# Problem details:
The line containing "ASTRO • 09/28/2025", and every line after it to the end of the listing, should be repeated exactly; the pictures should not.

# Data to examine:

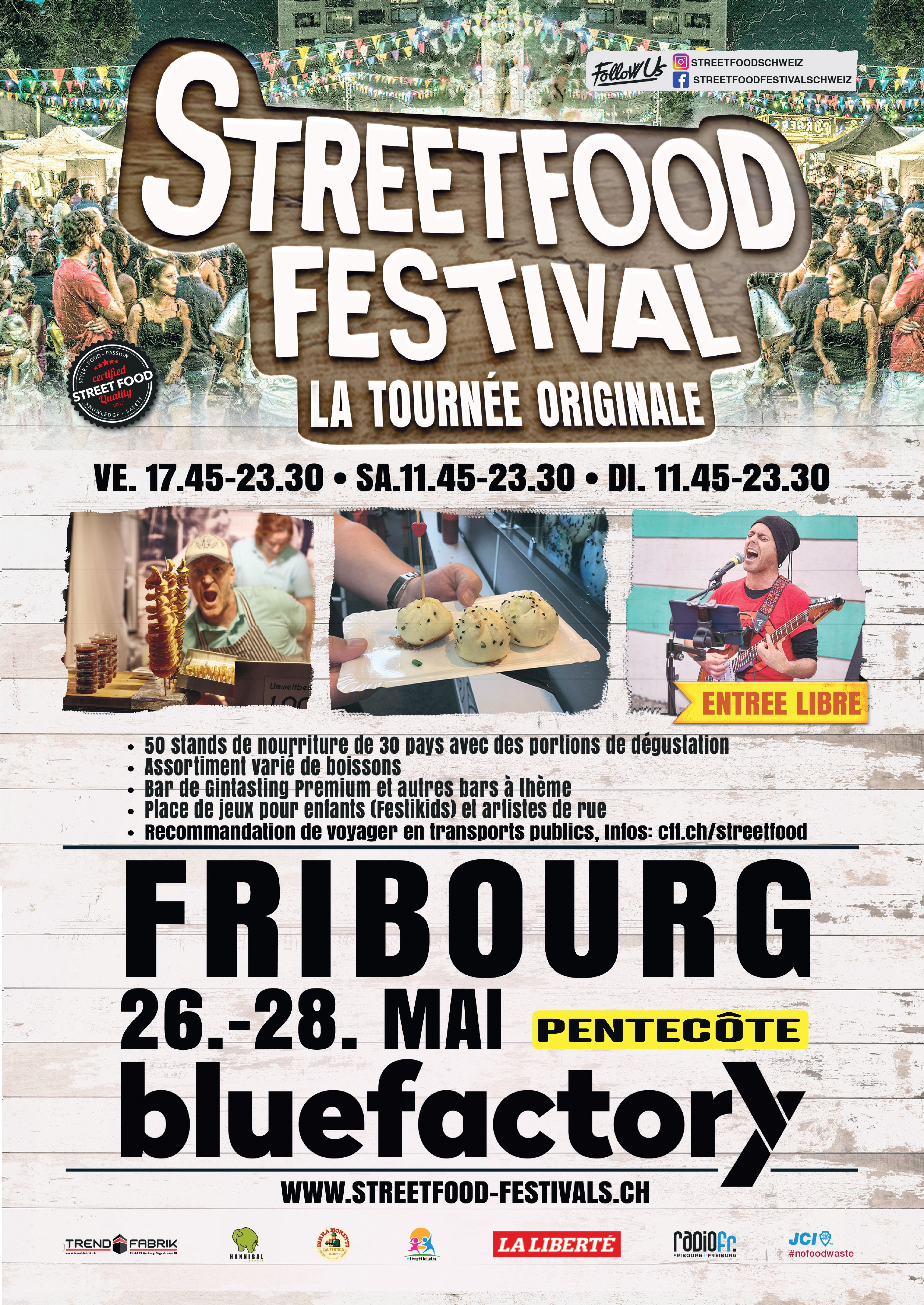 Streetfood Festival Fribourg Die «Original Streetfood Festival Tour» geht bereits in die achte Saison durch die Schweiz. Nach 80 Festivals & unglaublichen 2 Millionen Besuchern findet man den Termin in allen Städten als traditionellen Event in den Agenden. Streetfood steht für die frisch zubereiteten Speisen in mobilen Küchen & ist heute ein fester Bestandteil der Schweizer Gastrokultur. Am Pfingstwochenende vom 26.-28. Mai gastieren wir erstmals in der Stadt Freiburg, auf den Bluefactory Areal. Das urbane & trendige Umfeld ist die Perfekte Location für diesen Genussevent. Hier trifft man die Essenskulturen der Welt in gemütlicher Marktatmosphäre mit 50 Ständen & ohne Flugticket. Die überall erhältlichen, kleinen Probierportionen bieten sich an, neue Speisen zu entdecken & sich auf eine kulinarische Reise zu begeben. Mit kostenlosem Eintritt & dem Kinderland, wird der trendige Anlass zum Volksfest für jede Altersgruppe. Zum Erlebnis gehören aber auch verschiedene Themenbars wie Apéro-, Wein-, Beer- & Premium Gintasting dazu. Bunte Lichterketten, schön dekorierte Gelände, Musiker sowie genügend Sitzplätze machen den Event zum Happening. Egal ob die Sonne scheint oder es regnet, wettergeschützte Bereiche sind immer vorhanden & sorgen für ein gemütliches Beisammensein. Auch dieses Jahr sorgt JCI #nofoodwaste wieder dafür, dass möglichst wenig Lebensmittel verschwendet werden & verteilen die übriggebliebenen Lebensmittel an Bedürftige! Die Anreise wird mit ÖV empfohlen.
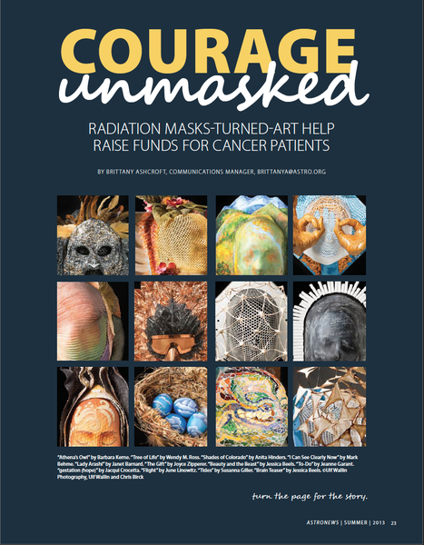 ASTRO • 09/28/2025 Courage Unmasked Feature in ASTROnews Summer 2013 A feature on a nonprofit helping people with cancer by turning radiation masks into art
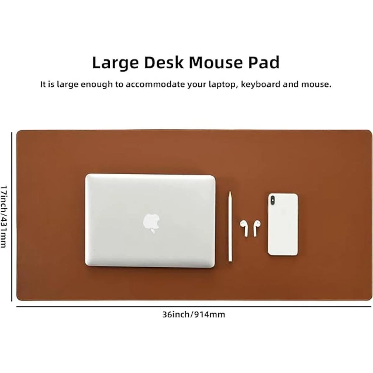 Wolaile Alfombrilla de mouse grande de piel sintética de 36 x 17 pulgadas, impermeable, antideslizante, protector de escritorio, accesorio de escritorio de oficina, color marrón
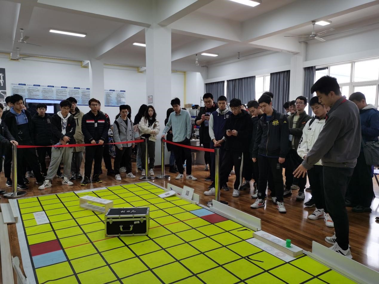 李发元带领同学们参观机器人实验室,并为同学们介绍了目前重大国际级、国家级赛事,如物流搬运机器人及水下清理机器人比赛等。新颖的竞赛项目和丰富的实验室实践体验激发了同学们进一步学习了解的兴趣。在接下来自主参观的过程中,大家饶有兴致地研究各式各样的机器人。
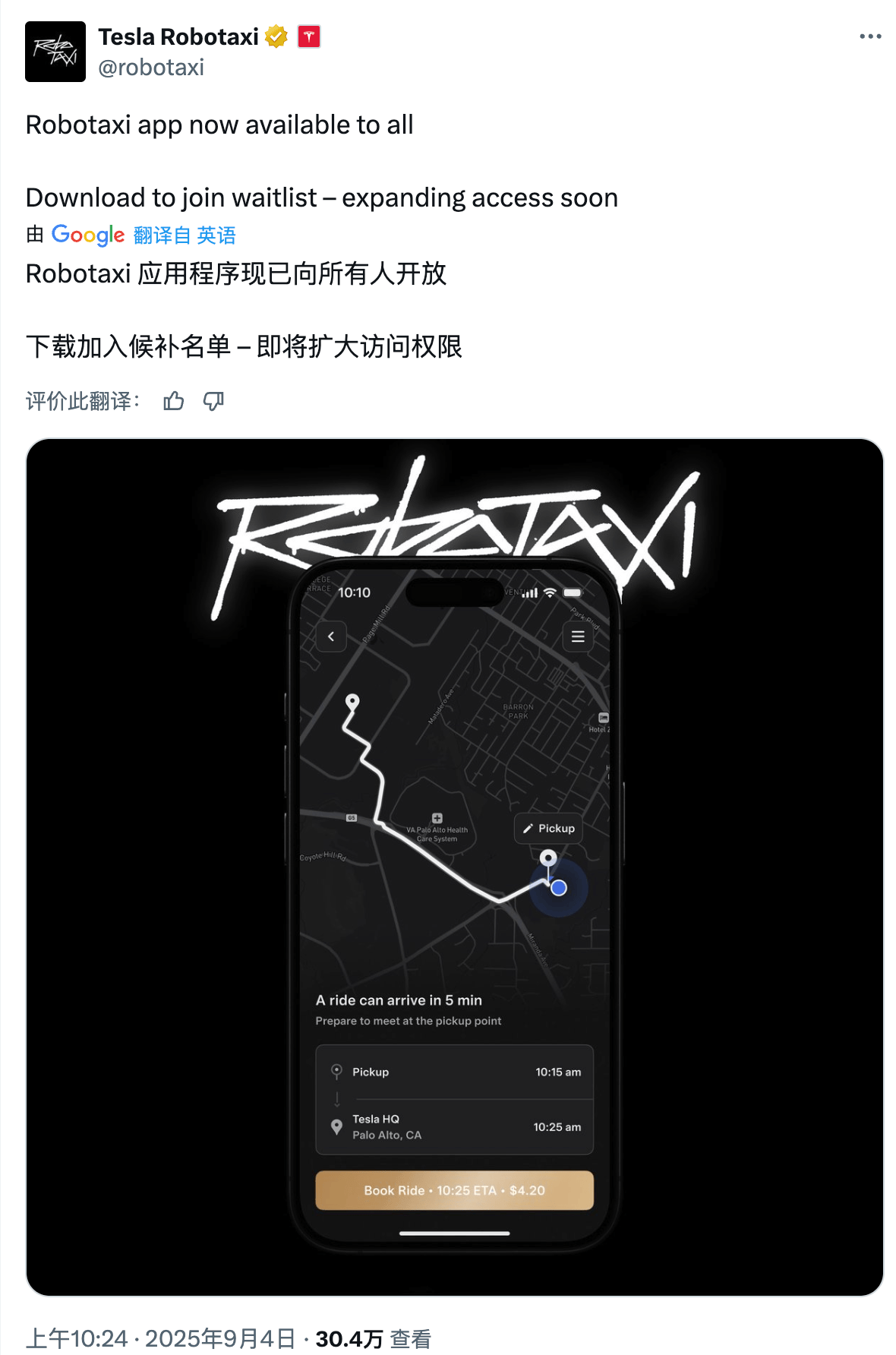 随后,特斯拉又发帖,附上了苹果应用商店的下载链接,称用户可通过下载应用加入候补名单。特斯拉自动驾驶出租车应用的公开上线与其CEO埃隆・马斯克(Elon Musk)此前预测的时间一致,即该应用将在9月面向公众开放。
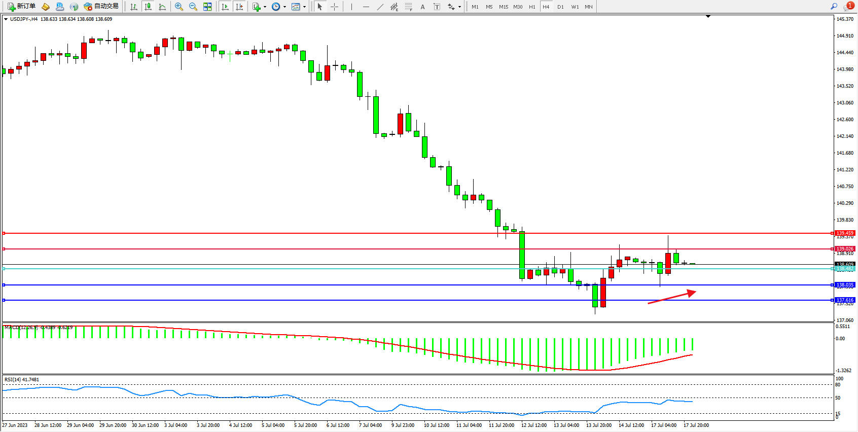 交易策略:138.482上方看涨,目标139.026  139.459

# Answer box:
 ASTRO • 09/28/2025 Courage Unmasked Feature in ASTROnews Summer 2013 A feature on a nonprofit helping people with cancer by turning radiation masks into art
 Wolaile Alfombrilla de mouse grande de piel sintética de 36 x 17 pulgadas, impermeable, antideslizante, protector de escritorio, accesorio de escritorio de oficina, color marrón
 李发元带领同学们参观机器人实验室,并为同学们介绍了目前重大国际级、国家级赛事,如物流搬运机器人及水下清理机器人比赛等。新颖的竞赛项目和丰富的实验室实践体验激发了同学们进一步学习了解的兴趣。在接下来自主参观的过程中,大家饶有兴致地研究各式各样的机器人。
 随后,特斯拉又发帖,附上了苹果应用商店的下载链接,称用户可通过下载应用加入候补名单。特斯拉自动驾驶出租车应用的公开上线与其CEO埃隆・马斯克(Elon Musk)此前预测的时间一致,即该应用将在9月面向公众开放。
 交易策略:138.482上方看涨,目标139.026  139.459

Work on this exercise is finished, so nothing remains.